Modern battlefields are increasingly characterized by complex electromagnetic environments (EME), posing significant challenges to unmanned aerial vehicle (UAV) operational effectiveness.

To address this issue, this study aims to quantitatively evaluate how complex EME affects UAV operational effectiveness using a multi-level framework, incorporating defined key metrics including anti-jamming capability verification.

A three-tier evaluation model was developed, incorporating EME complexity, subsystem performance, and operational capabilities. EME complexity was characterized by four metrics weighted via AHP. Critical subsystem indicators—such as communication reliability and navigation accuracy—and operational capabilities like mission execution and anti-jamming performance were causally mapped within an environment-effectiveness mapping. This mapping enabled the model to be normalized and integrated using sensitivity coefficients, and stochastic jamming scenarios were simulated in MATLAB to validate the approach.

The results demonstrated a distinct negative exponential relationship between EME complexity and operational effectiveness.
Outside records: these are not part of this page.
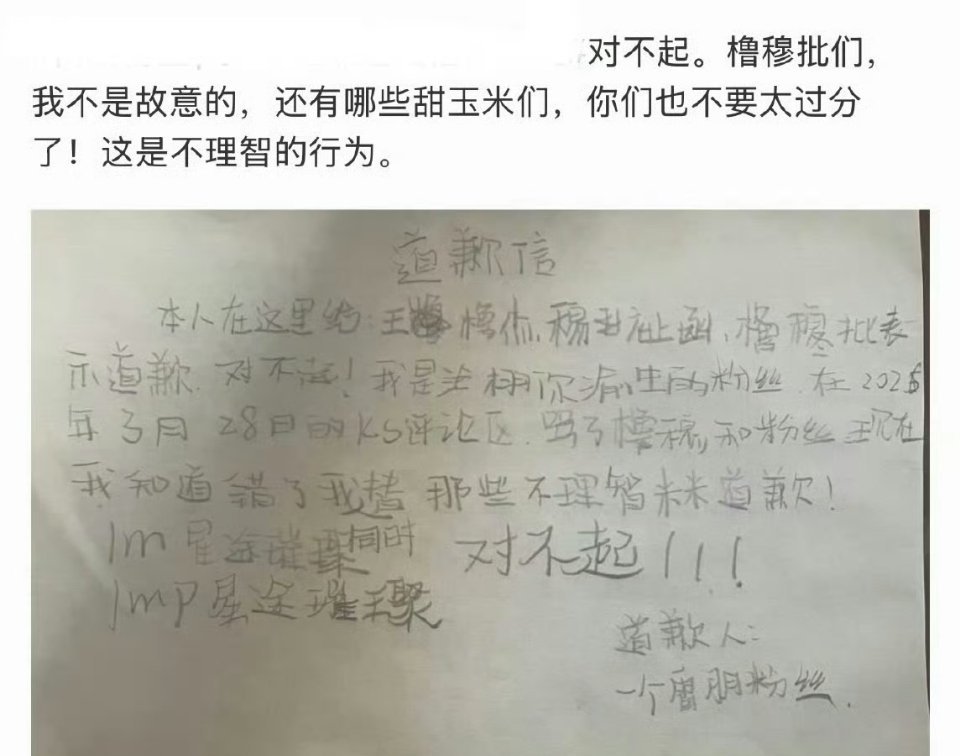 栩你渝生粉丝和橹穆粉丝的道歉信,还是要理性上网,理智追星啊栩你渝生粉丝和橹穆粉丝的道歉信
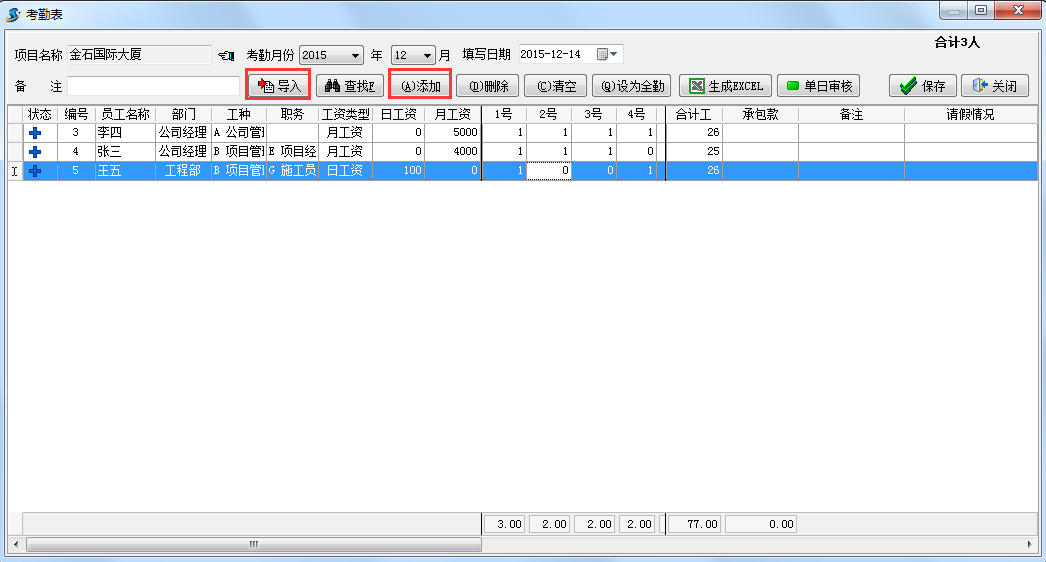 在工程管理軟件只記錄每人每月的合計(jì)工考勤,考勤單不區(qū)分項(xiàng)目,合計(jì)工填寫在考勤表的任意一天即可。
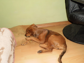 Nadeszła moja- czyli Dagmary kolej napisania czegoś konkretnego, dotyczącego naszego nowego domownika. Od kiedy pod nasz dach trafiła Zołza zdążyła już wściubić nosa w każdy kąt mieszkania (łącznie z łazienką do której pragnie wchodzić razem z nami) oraz spać w każdym z pokoi. Oprócz tego łazi za domownikami krok w krok łasząc się przez większość czasu. Gdy ma dosyć pieszczot chowa się za kanapą (miejsce dla nas raczej niedostępne) i radośnie merda ogonem uderzając w gipsową ścianę. Jest to dźwięk, który towarzyszy nam codziennie o czwartej nad ranem, kiedy Zołza się już wysypia i z radością zaczyna biegać po pokoju, jeść, czy właśnie wchodzić za łóżko z jednej strony i wychodzić z drugiej (długo tak potrafi).
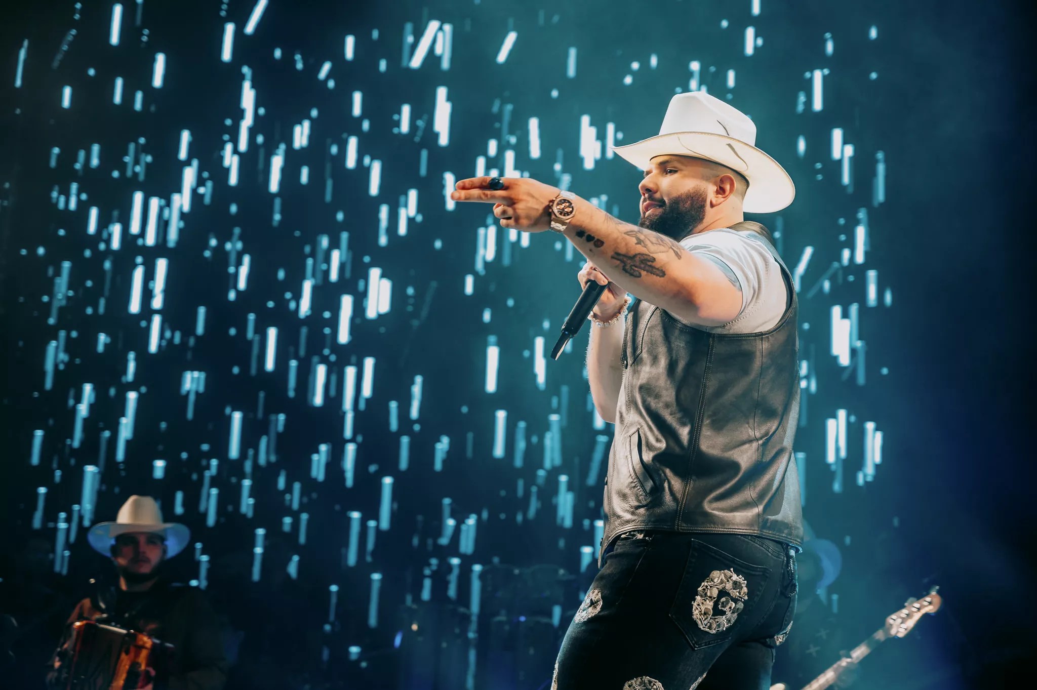 While performing, León shares the stage with more than a dozen musicians who represent a wide variety of styles, including norteño, banda, country, jazz, salsa and other Latin sounds.

Performance declined progressively with intensified EME, but notably, UAVs equipped with advanced anti-jamming systems maintained higher effectiveness under identical conditions.

This study confirms the critical importance of anti-jamming technologies in preserving UAV combat capability in complex EME; the proposed evaluation framework offers practical insights for developing robust UAV systems suited to contested electromagnetic spectra.